Güncelleme Tarihi:
Yaprak KOÇER/SAMSUN, (DHA)- SAMSUN Disleksi Öğrenme Güçlüğü Derneği Temsilciliği Yönetim Kurulu üyesi psikoterapist Buket Alkaş, disleksi olarak bilinen öğrenme güçlüğünün bir hastalık olmadığını, bunun görülme sıklığının yüzde 10 olduğunu söyledi.

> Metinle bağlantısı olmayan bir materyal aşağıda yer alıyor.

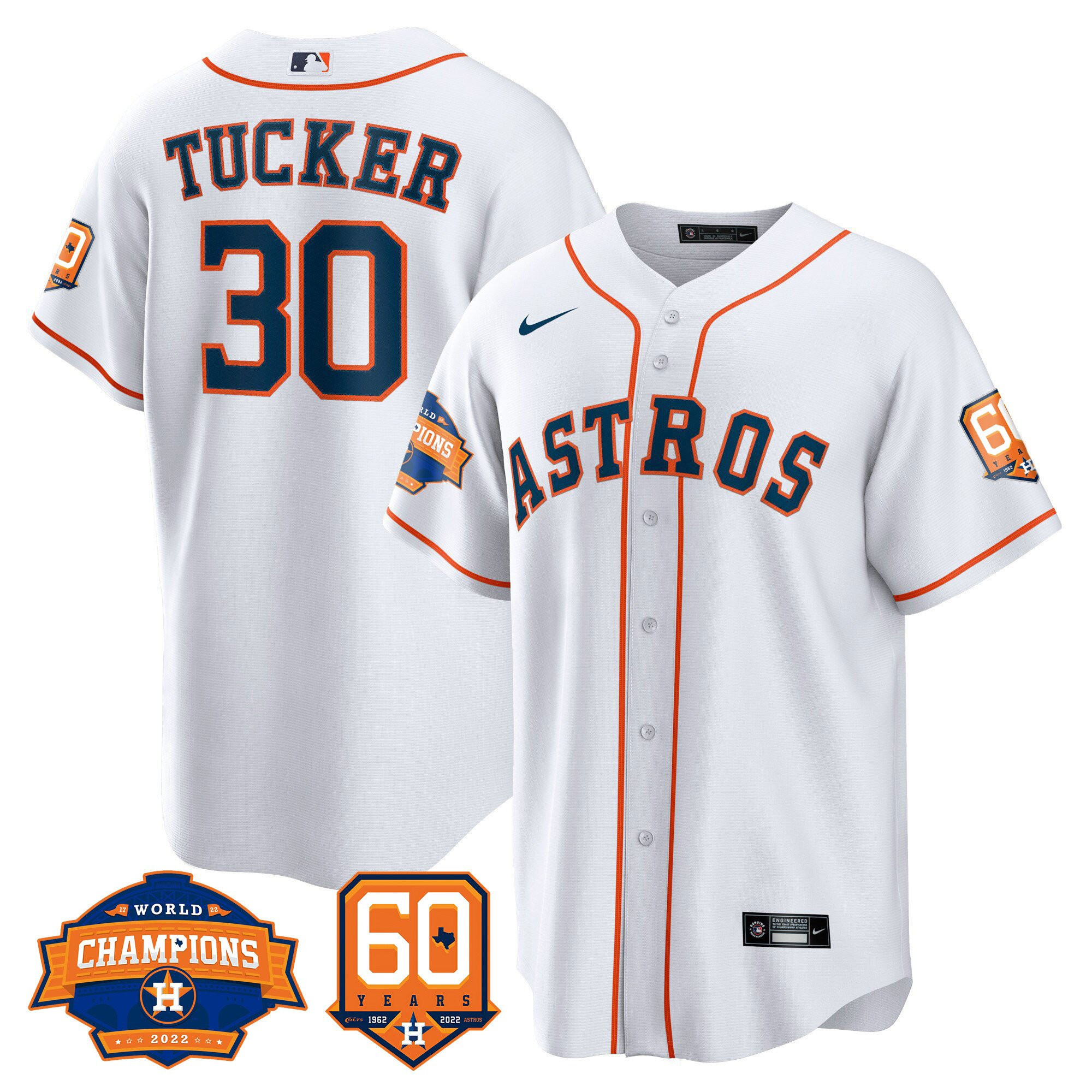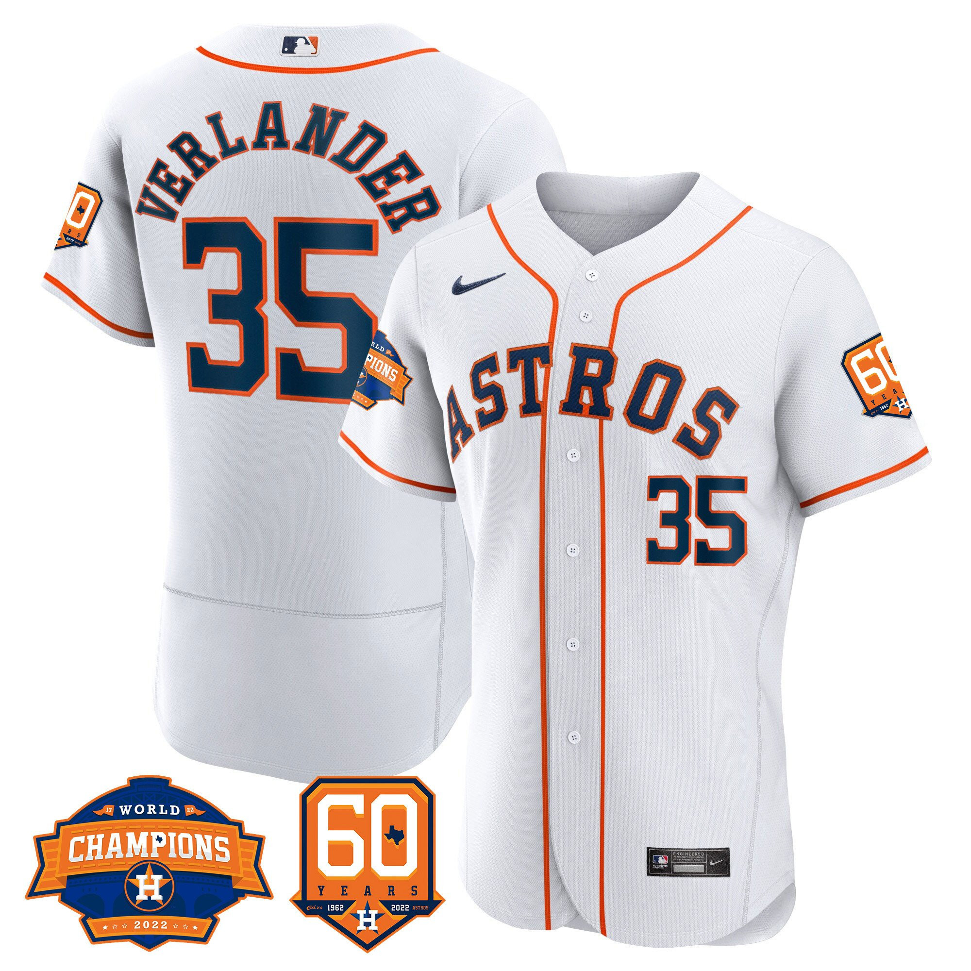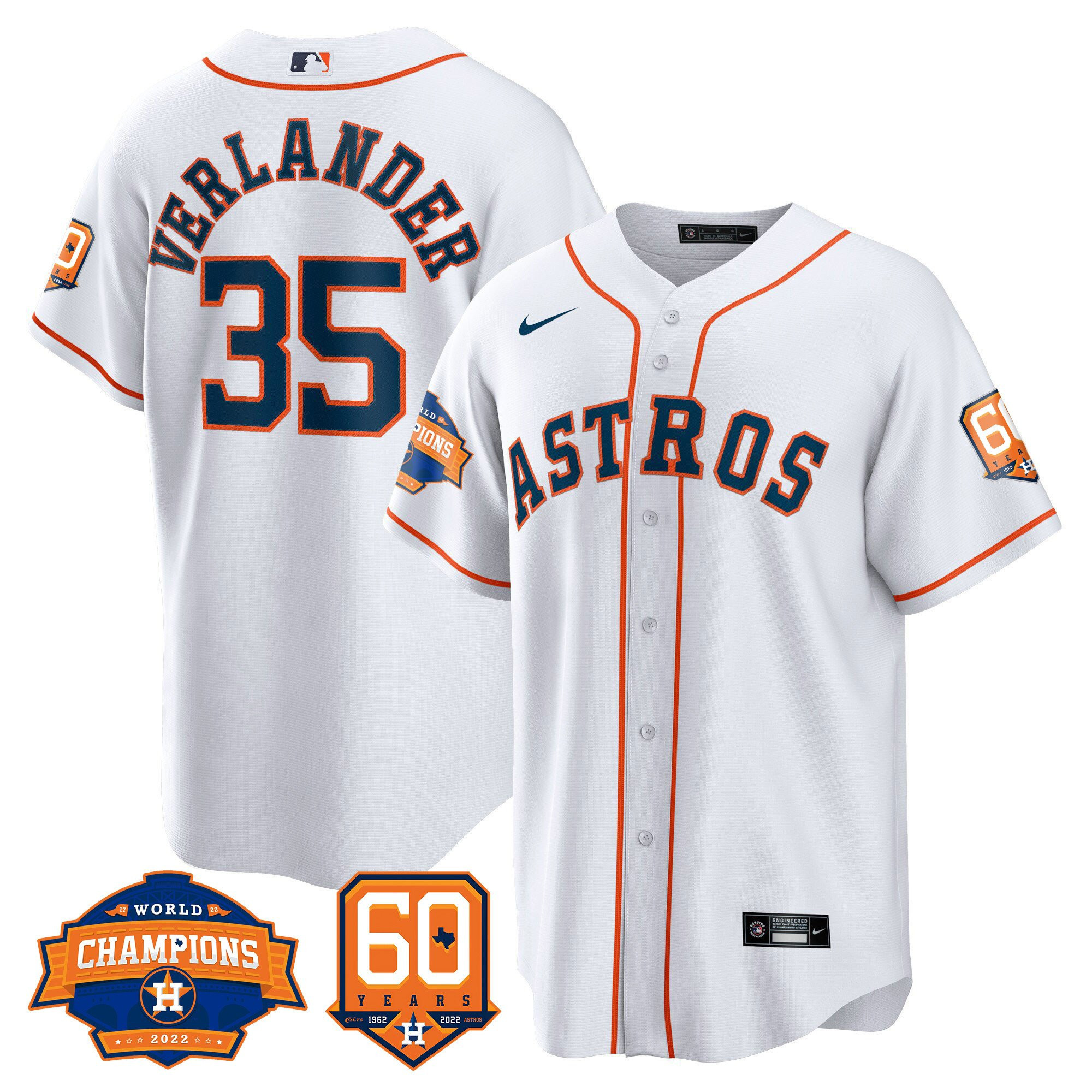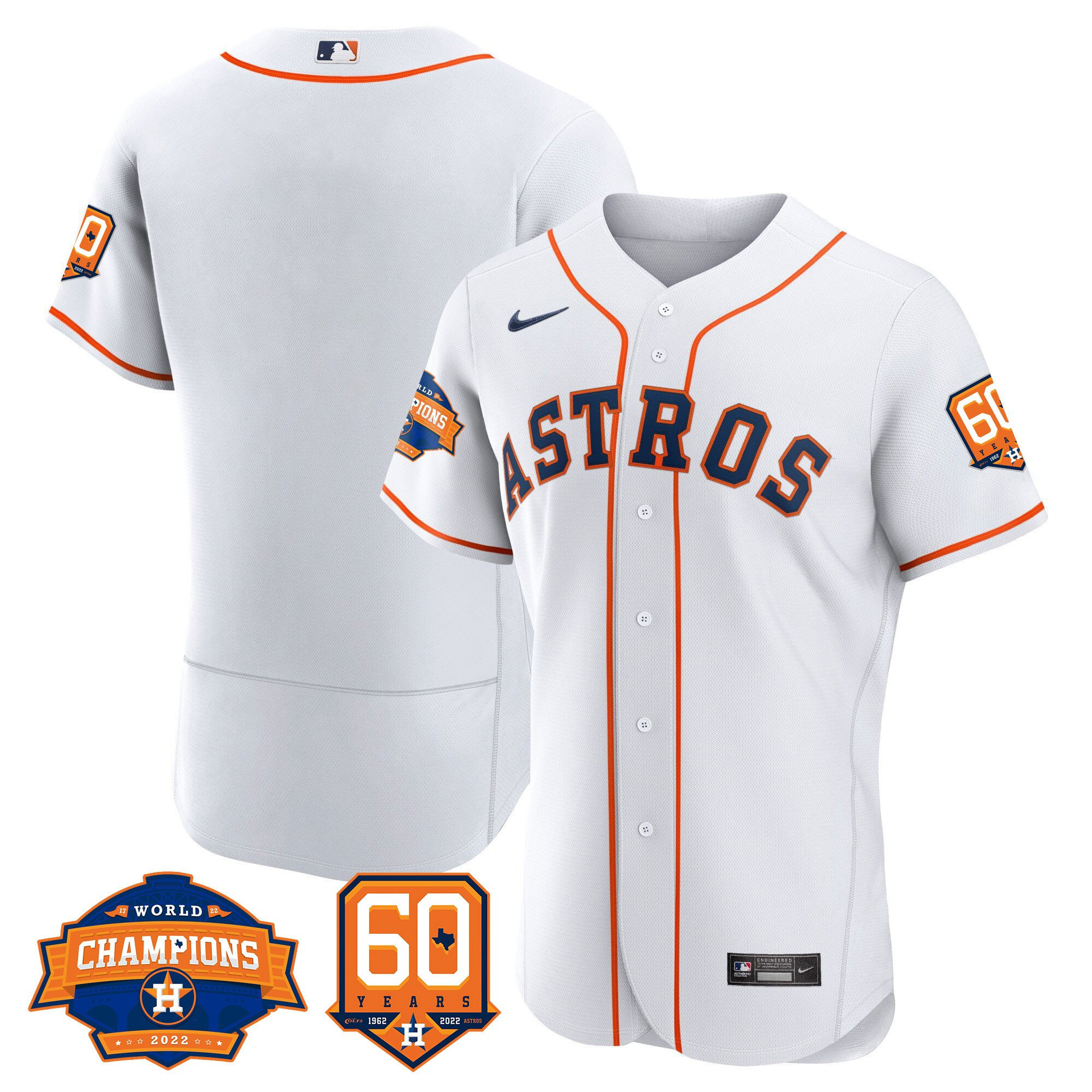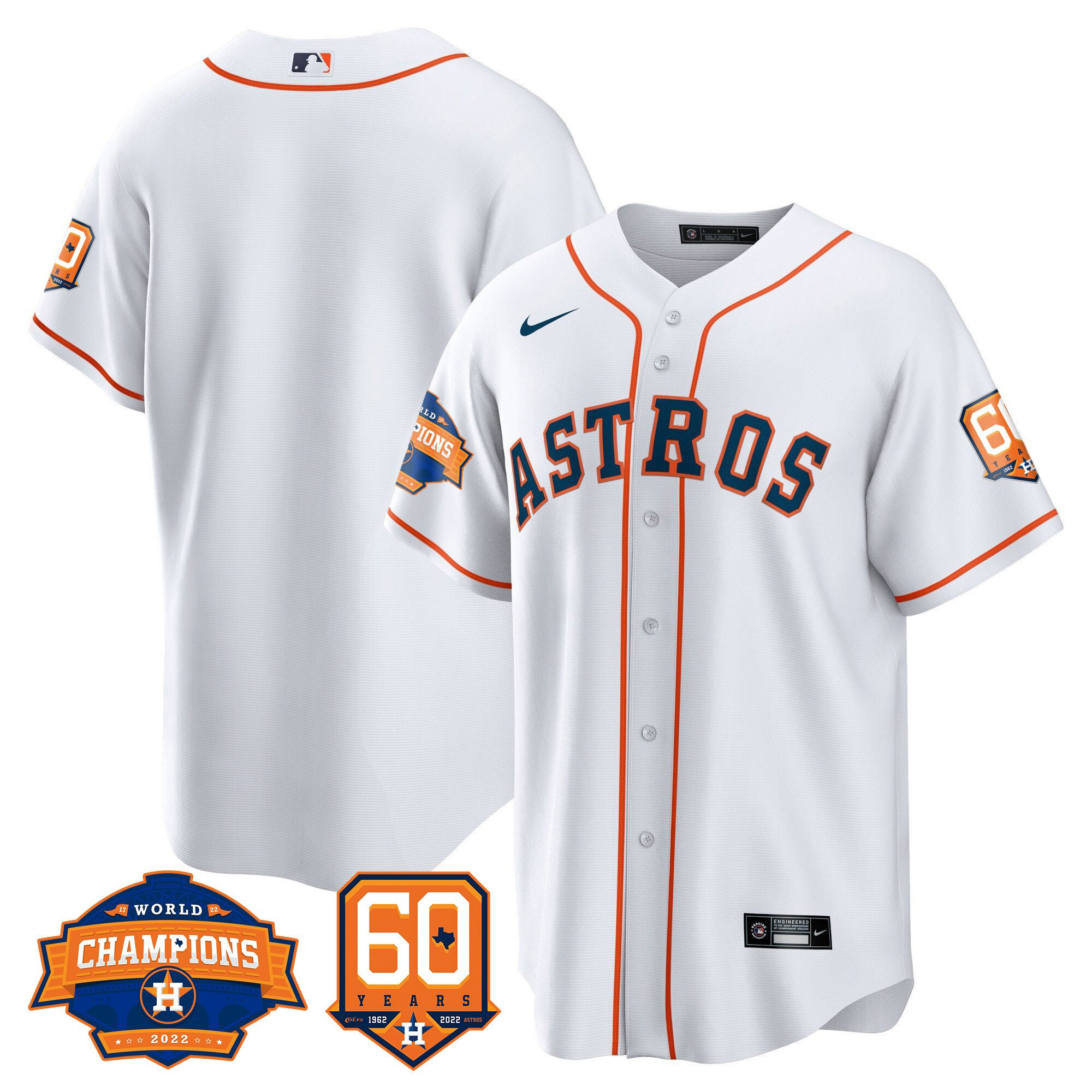 Men’s Houston Astros 2022 World Series Champions & 60th Anniversary Patch Jersey – All Stitched

Psikoterapist Buket Alkaş, 'Disleksi'nin zekası normal ya da normalin üstünde olan bireylerde görülen beynin bilgiyi algılama, işleme, depolama ve kullanma becerisini etkileyen nörolojik kökenli gelişimsel bir farklılık olduğunu söyledi. Alkaş, şöyle konuştu:
"Disleksi kesinlikle bir hastalık değildir. Çocuğunuz okumayı öğrenirken zorlanıyorsa, okuma hızı düşükse, okurken kelimeleri değiştiriyor satır atlıyorsa, b-d-p, 3-8, 21-12 gibi harf ve rakamları ters okuyorsa, sıralı ezber gerektiren konuları, çarpım tablosu ve ritmik saymayı, yönünü, zamanı, takvimi öğrenmekte zorlanıyorsa, ayakkabı bağlamak, kalem, kaşık tutmak gibi ince motor işlevlerinde güçlük çekiyorsa çocuğunuzda öğrenme güçlüğü yaygın bilinen adıyla disleksi olabilir."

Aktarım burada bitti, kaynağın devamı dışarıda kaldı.